I understand that having such a feature may lead to misuse. However, I suspect that without the ability to control the polling frequency people will just hack their own polling sidecars which will benefit no one.
I had played with the data myself earlier and was sort of thinking 1.1 or 1.05 were the likely lowest points. So the fact that you reached a similar conclusion seems good.
I'm tempted to go with 1.1, as it is close to 10% for most of the range before hitting 120. Earlier in the range, it is only ~5s before hitting ~10%, which seems quite fair.

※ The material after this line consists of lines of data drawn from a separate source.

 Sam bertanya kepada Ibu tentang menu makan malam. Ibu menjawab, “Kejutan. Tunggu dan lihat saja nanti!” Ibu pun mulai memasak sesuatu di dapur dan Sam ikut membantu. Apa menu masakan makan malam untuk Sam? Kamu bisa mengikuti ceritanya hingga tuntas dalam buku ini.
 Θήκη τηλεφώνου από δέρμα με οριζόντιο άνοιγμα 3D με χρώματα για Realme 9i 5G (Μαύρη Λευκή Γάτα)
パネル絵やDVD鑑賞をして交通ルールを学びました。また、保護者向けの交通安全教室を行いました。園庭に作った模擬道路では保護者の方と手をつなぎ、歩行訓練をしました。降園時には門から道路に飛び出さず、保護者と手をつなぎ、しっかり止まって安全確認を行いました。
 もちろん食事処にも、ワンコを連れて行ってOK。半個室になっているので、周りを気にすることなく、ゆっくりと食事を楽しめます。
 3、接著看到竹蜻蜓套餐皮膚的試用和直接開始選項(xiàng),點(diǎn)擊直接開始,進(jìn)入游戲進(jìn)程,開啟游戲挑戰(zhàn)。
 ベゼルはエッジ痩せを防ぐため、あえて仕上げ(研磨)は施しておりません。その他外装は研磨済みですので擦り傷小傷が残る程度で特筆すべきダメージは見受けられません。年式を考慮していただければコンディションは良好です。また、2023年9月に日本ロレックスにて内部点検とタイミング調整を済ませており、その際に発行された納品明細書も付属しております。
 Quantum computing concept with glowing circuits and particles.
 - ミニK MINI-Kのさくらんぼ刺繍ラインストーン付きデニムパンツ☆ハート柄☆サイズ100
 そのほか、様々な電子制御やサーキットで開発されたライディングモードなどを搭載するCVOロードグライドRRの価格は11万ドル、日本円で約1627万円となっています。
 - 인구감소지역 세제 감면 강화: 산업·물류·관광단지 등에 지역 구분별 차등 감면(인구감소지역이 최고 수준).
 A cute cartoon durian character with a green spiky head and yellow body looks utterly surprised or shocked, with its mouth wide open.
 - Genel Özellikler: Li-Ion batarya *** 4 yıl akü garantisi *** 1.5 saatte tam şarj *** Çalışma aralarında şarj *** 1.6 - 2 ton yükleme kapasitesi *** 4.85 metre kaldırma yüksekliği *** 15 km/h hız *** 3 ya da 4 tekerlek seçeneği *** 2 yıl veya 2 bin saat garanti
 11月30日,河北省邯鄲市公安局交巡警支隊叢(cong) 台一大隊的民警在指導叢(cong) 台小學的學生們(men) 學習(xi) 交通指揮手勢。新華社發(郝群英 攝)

I think 1.05 is the absolute bare minimum that I might consider. It takes over 7 minutes before the backoff exceeds the CONNECT_TIMEOUT=20s, which seems like a really long time.
One thing to understand is that connect() itself has an exponential backoff with a multiplier of 2 that you are likely to hit, since the VM can easily be a black hole during part of its booting. So you'll probably be seeing ~8s of backoffs even in the first connection attempt just within the kernel.